NinjaFirewall, WordPress without plugin and Simple Security Firewall/Shield benchmarks did not show any differences between the single IP attack and the distributed one. But iThemes Security handled 23 POST requests per second versus 37 in the single IP test and Wordfence 16 versus 29 in the single IP test.
The three “NET” plugins are far behind: iThemes Security/NET handled only 3.8 POST requests per second and Jetpack Protect and Wordfence/NET, 0.85 and 0.5 respectively.
The newer versions of iThemes Security and Wordfence are sending more SQL queries than they did in our 2013 benchmarks: iThemes Security (Better WP Security v3.5.6 in 2013) was sending 19 queries per POST request versus 32 queries in this test, and Wordfence (v3.8.3 in 2013) was sending 40 queries per POST request versus 52 queries today.
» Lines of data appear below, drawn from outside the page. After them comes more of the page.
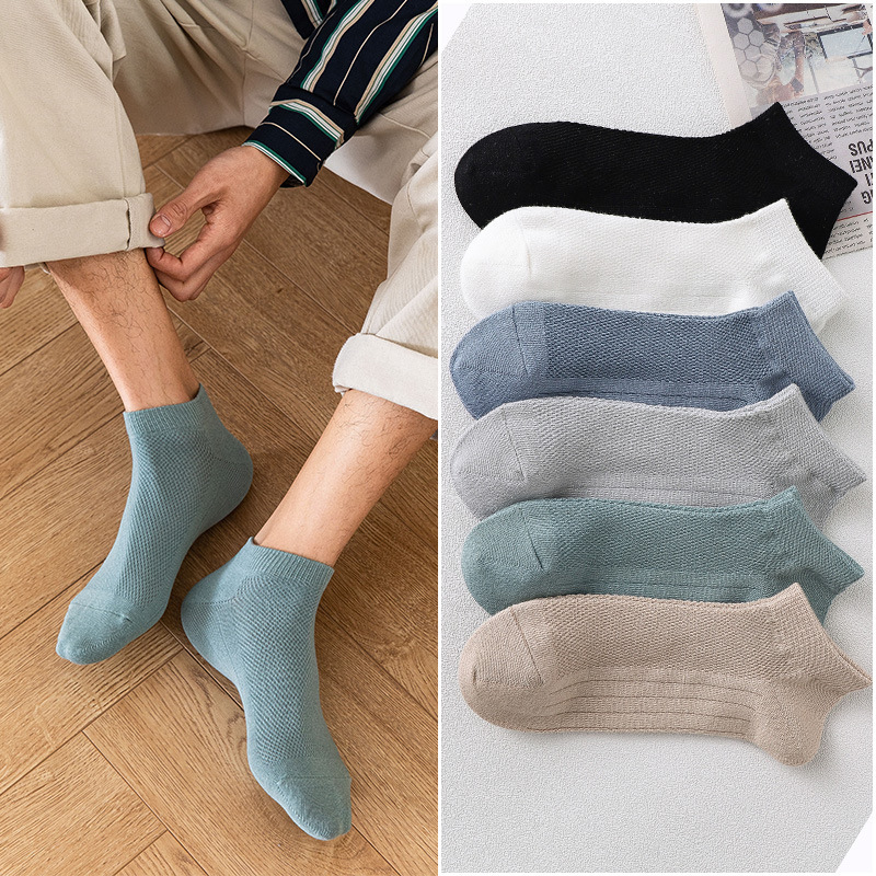 短袜子男士夏季纯色棉袜隐形船袜防臭吸汗休闲运动袜薄款浅口船袜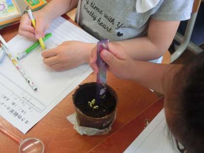 自分の植えた植物の芽が出てきて,子どもたちはとても嬉しそうでした。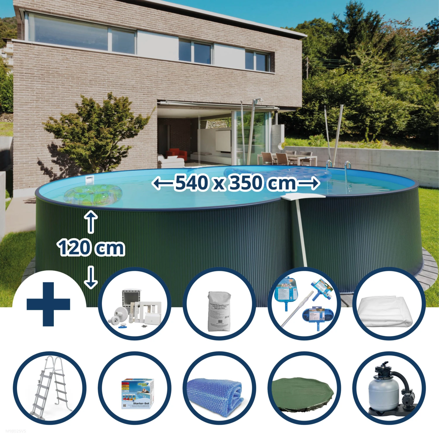 Dieser Achtformpool hat die Maße 540 x 350 x 120 cm und die Außenfarbe anthrazit.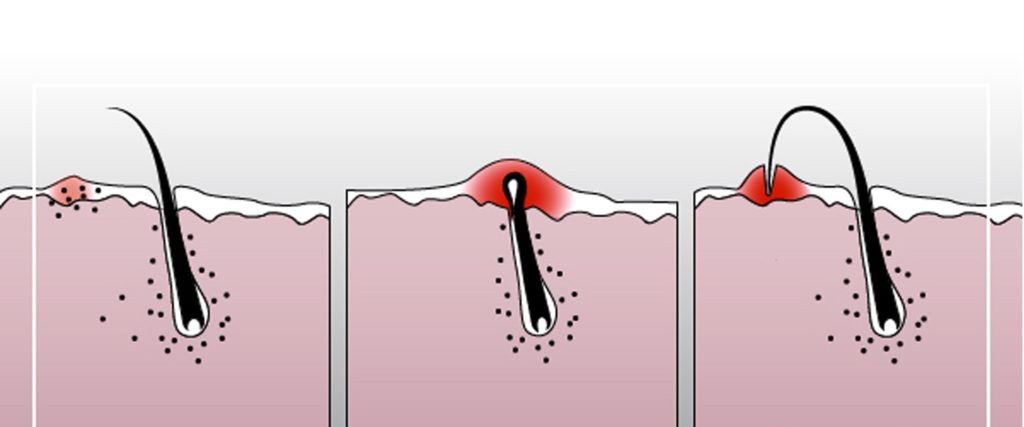Lorsque le follicule pileux est déplacé, les poils peuvent littéralement pousser dans la peau, formant une boucle à la surface. Dans ce cas, l'inflammation est plus forte et seul un dermatologue peut résoudre le problème. Pour soulager les démangeaisons, vous pouvez utiliser une lotion aux acides AHA, qui éliminent en douceur les cellules mortes de la peau et hydratent la peau.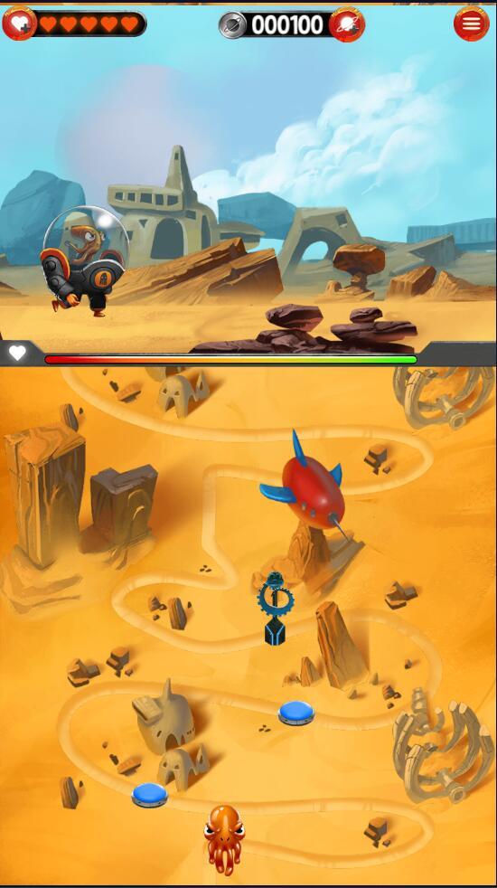 大章鱼入侵,进入游戏后玩家可以看见整个屏幕被分为上下两部分,上部分是章鱼冒险行程的具体内容,而下面则是章鱼在整个地图中所处的一个位置,而当章鱼遇到敌人之后下方的屏幕也会有所变化,从地图变得了获得枪械的一个地方,玩家点击每一个小格子来寻找枪械。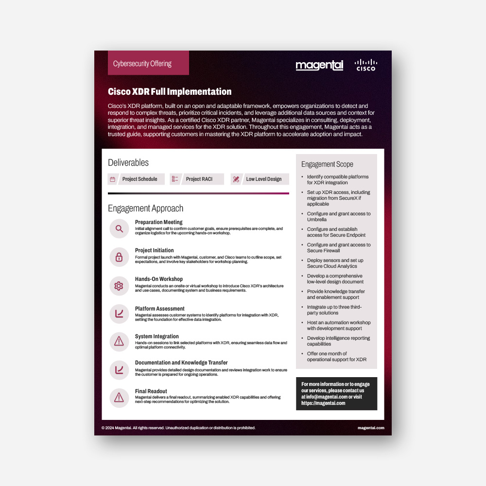 Cisco’s XDR platform, built on an open and adaptable framework, empowers organizations to detect and respond to complex threats, prioritize critical incidents, and leverage additional data sources and context for superior threat insights. As a certified Cisco XDR partner, Magentai specializes in consulting, deployment, integration, and managed services for the XDR solution. Throughout this engagement, Magentai acts as a trusted guide, supporting customers in mastering the XDR platform to accelerate adoption and impact.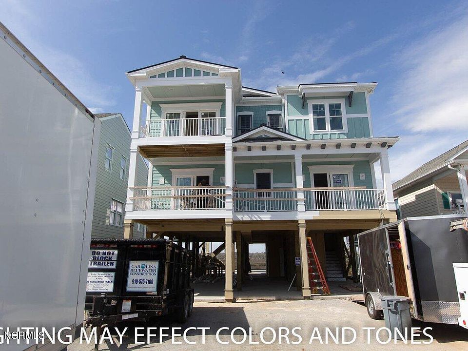 New 3,208 SqFt Custom Home by Carolina Bluewater Construction to be completed by May 24, 2024. New navy style vinyl bulkhead to extend rear yard, heated swimming pool, elevator and direct beach access at the end of the street. Wonderful march/waterway and sunset views from rear porches. Easy exterior maintenance with standing seam metal roof, composite decking, James Hardie siding and aluminum powder coated handrails.

Although it only processed 247 POST requests, Jetpack Protect sent no less than 14,602 queries to the DB, which gives an average of 59 SQL queries/POST request.
At first glance, this graph may look rather odd: although the three “NET” plugins failed the test, it seems that they performed much better than WordPress alone and almost as well as NinjaFirewall. But there is an explanation: Firstly, they only processed a hundreds of requests within a 5-minute timeframe, while all other plugins processed 2,927 requests within a much shorter interval. Secondly, they spent quite a lot of time sending data and waiting for a response from their respective API server, an operation that does not impact too much the CPU load.